• _Record set_
--- START ---
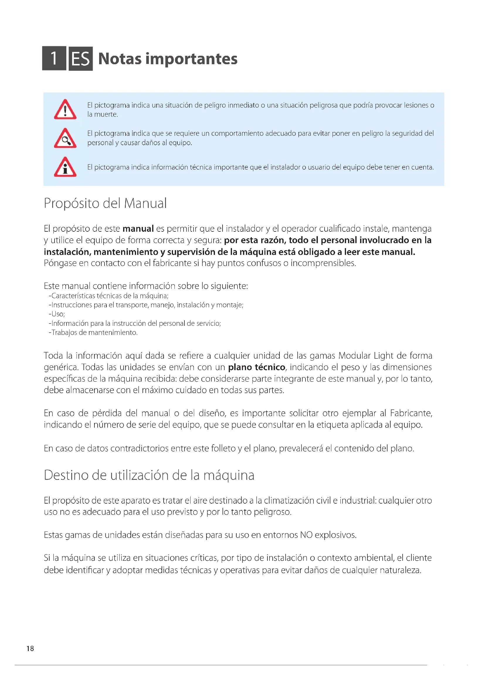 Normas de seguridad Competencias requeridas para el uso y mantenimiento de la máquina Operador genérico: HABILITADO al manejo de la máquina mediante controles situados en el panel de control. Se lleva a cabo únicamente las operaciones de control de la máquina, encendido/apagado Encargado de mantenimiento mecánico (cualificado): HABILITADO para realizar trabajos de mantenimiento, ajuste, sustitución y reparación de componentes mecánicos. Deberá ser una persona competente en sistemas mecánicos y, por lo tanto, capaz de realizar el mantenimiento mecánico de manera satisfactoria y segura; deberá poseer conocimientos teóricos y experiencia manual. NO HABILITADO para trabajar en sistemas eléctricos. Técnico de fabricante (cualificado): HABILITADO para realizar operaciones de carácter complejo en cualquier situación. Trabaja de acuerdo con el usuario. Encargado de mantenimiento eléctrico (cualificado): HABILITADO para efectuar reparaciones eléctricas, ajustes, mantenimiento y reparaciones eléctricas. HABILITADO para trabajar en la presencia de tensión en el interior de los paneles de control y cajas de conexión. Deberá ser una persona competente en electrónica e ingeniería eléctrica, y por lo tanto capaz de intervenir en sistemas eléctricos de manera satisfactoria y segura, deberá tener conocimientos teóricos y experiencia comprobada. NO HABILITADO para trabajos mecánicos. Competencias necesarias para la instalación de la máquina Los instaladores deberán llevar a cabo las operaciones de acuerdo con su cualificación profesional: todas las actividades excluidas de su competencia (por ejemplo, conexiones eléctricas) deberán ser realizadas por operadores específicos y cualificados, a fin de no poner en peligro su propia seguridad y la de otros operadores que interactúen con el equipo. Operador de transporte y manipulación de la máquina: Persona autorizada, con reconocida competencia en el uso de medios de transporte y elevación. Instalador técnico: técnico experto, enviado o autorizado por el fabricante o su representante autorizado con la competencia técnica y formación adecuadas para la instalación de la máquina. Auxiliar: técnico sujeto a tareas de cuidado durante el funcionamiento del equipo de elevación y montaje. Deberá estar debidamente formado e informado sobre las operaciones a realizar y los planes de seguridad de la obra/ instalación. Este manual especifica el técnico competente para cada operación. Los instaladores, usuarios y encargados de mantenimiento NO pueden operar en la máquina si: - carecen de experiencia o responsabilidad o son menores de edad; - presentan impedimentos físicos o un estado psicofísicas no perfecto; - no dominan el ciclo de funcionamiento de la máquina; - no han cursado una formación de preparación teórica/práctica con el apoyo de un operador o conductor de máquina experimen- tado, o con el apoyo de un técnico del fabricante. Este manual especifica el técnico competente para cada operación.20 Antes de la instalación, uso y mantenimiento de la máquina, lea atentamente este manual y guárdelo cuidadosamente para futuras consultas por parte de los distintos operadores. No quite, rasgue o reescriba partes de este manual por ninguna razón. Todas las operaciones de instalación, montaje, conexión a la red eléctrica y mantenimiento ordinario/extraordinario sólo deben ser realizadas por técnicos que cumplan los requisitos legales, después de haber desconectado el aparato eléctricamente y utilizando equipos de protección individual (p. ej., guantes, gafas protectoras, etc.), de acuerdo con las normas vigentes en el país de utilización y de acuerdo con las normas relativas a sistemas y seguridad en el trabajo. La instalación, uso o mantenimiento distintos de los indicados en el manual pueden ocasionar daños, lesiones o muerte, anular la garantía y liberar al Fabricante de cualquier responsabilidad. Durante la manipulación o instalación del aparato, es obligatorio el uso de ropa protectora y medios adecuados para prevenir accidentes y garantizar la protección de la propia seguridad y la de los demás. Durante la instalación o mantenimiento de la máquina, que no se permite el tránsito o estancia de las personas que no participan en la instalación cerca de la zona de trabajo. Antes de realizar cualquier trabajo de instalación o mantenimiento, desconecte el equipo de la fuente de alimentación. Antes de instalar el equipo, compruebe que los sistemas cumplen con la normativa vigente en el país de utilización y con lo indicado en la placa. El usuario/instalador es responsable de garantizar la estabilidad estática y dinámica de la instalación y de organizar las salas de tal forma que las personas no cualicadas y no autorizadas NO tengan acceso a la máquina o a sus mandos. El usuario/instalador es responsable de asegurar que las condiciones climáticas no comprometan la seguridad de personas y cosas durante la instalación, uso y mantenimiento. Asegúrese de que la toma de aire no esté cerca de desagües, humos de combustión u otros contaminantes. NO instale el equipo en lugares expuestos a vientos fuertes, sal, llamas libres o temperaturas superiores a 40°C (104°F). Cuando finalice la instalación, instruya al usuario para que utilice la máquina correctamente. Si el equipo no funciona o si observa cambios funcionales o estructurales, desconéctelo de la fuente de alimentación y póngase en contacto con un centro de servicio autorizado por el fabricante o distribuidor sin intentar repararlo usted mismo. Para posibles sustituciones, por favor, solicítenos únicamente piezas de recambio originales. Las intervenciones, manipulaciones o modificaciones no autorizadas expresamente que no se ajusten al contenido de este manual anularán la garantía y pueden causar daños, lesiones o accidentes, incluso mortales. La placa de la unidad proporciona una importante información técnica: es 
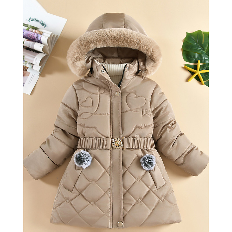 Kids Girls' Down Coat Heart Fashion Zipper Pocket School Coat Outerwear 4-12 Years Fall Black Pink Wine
--- END ---
--- START ---
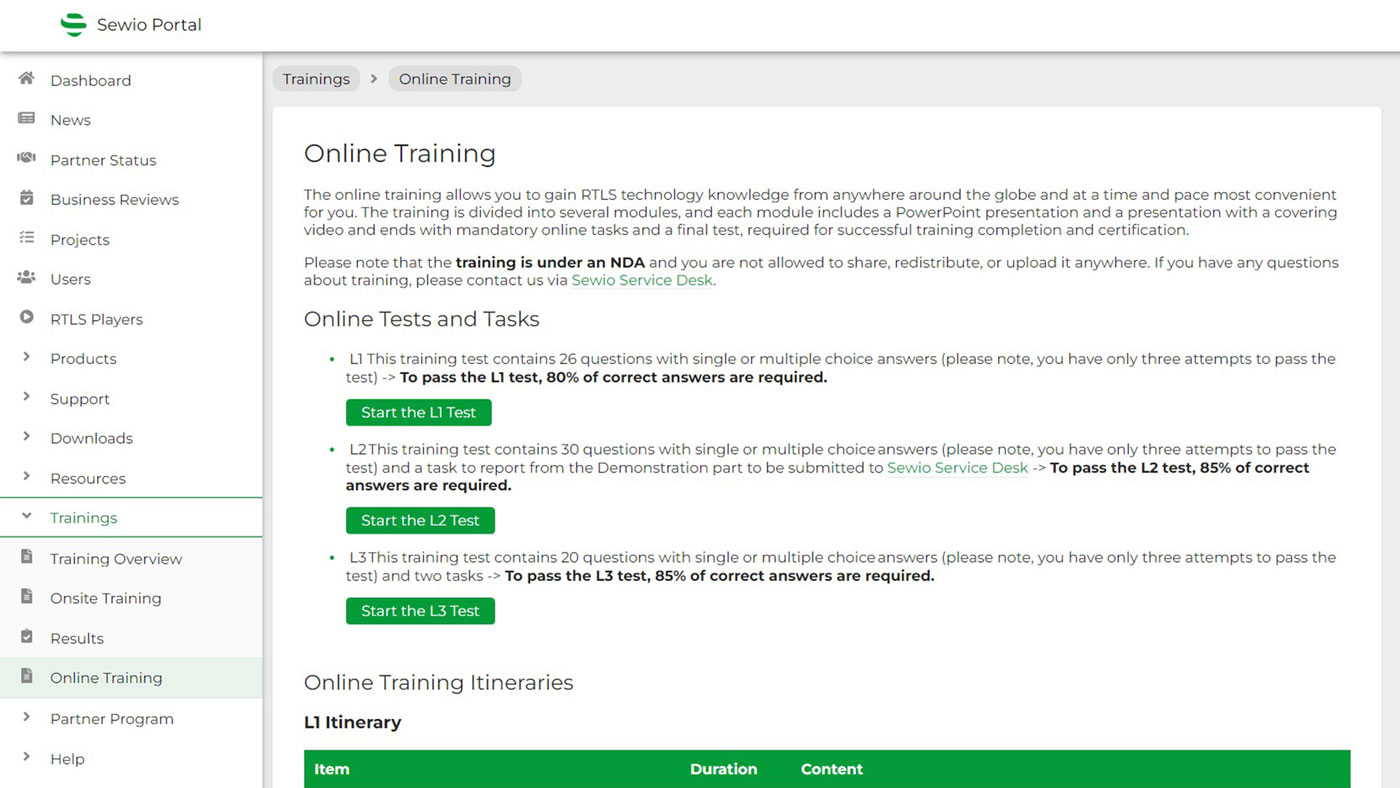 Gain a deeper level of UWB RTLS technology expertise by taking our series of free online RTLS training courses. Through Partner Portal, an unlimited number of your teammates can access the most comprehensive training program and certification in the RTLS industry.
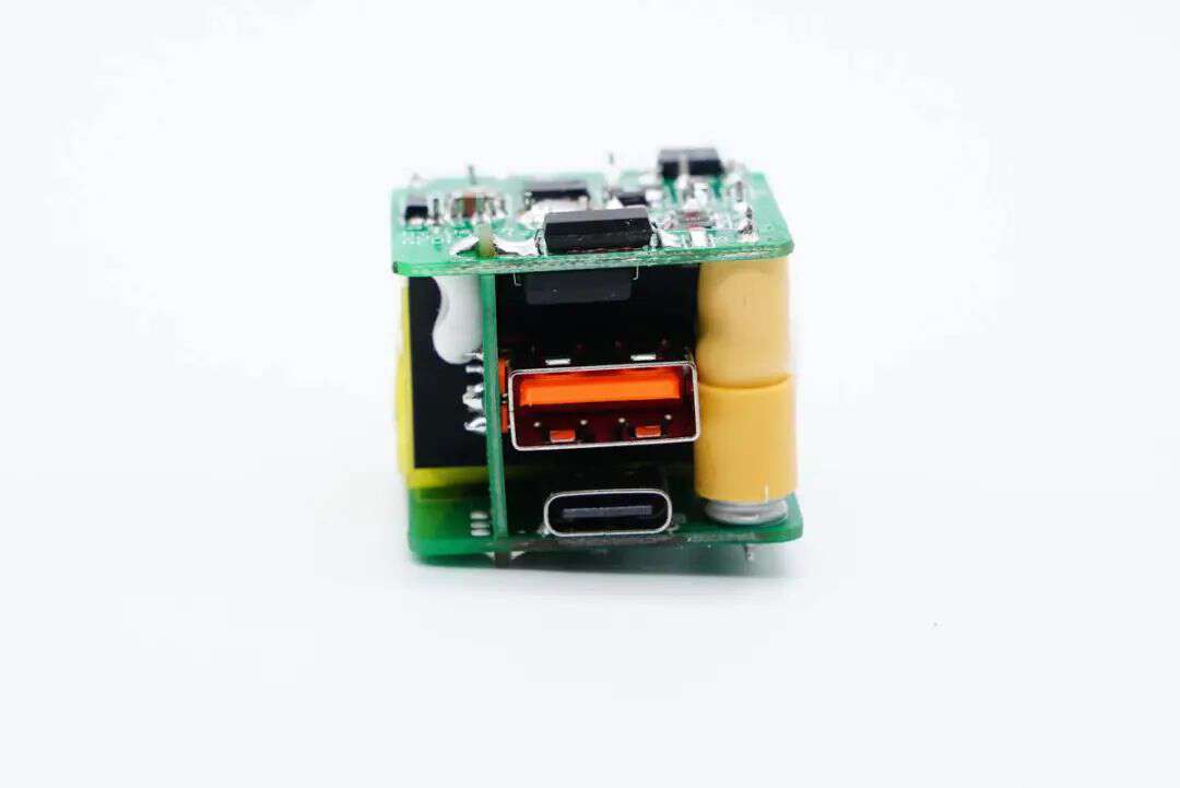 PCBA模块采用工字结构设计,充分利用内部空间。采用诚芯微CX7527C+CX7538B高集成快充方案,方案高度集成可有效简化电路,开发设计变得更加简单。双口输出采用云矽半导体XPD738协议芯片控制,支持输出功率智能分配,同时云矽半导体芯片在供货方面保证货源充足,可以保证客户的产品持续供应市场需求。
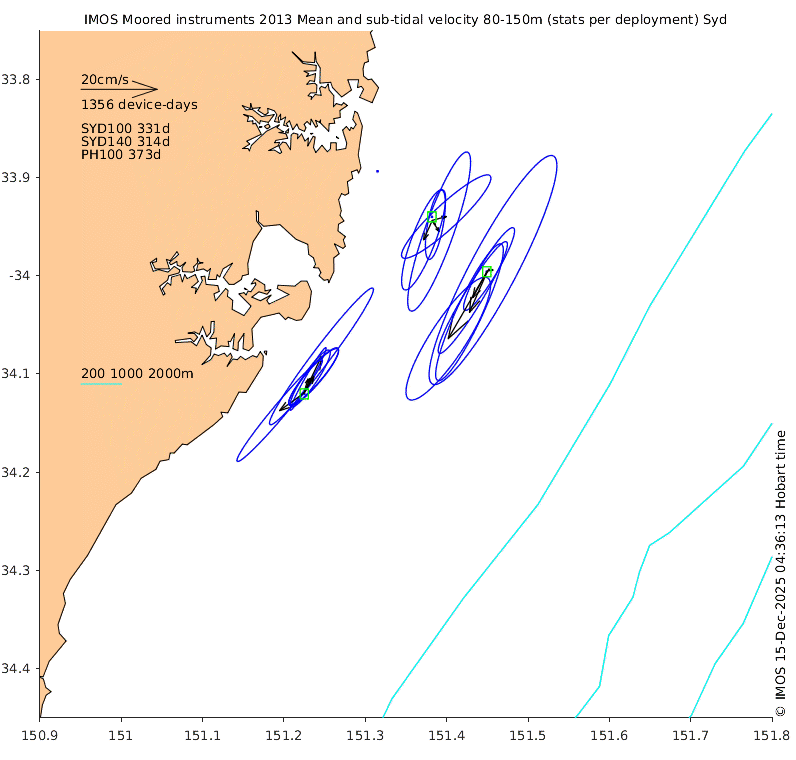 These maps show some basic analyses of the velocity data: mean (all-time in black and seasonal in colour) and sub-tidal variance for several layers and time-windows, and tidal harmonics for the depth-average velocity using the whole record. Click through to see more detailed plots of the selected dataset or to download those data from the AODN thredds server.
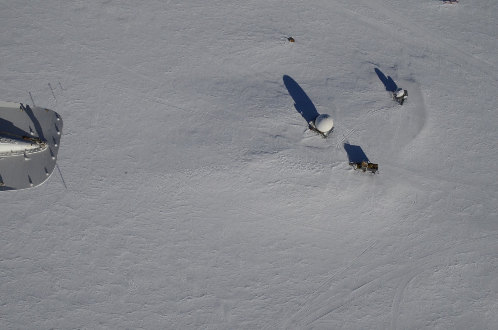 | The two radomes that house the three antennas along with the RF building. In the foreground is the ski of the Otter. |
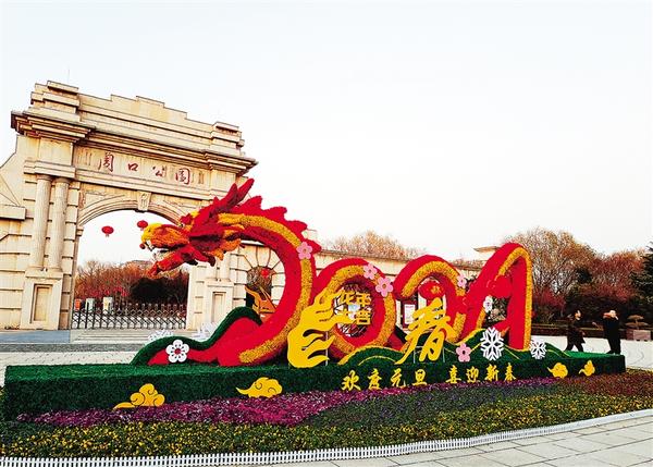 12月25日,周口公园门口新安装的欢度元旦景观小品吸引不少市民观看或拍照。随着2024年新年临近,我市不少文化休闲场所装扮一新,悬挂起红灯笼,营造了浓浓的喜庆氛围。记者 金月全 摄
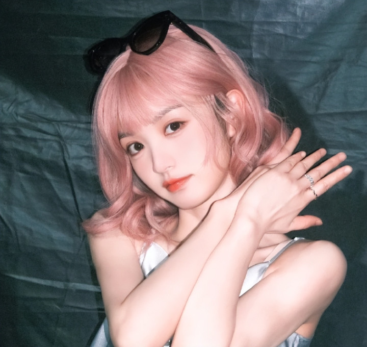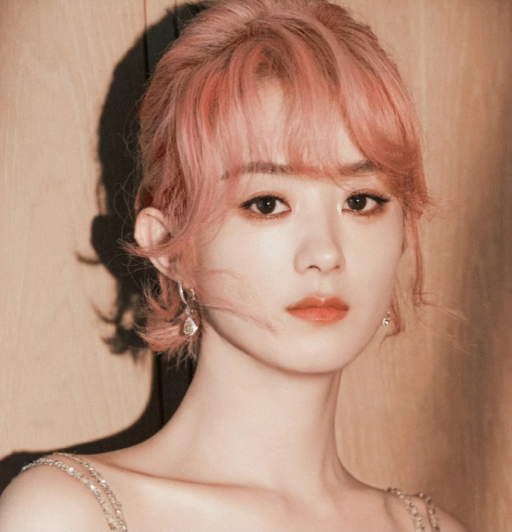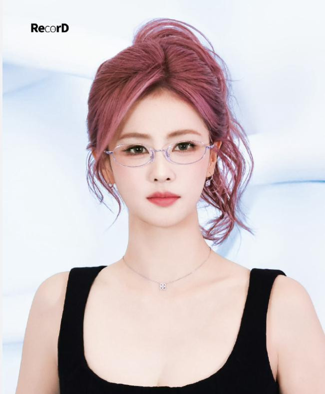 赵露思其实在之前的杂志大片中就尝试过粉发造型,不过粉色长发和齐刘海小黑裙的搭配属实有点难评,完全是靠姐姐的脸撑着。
--- END ---
• _Assigned task_
Of the lines above, quote exactly those from the one with "These maps show" through the one with "赵露思其实在之前的杂志大片中", ends included; pictures stay out.

• _Solution_
 These maps show some basic analyses of the velocity data: mean (all-time in black and seasonal in colour) and sub-tidal variance for several layers and time-windows, and tidal harmonics for the depth-average velocity using the whole record. Click through to see more detailed plots of the selected dataset or to download those data from the AODN thredds server.
 | The two radomes that house the three antennas along with the RF building. In the foreground is the ski of the Otter. |
 12月25日,周口公园门口新安装的欢度元旦景观小品吸引不少市民观看或拍照。随着2024年新年临近,我市不少文化休闲场所装扮一新,悬挂起红灯笼,营造了浓浓的喜庆氛围。记者 金月全 摄
 赵露思其实在之前的杂志大片中就尝试过粉发造型,不过粉色长发和齐刘海小黑裙的搭配属实有点难评,完全是靠姐姐的脸撑着。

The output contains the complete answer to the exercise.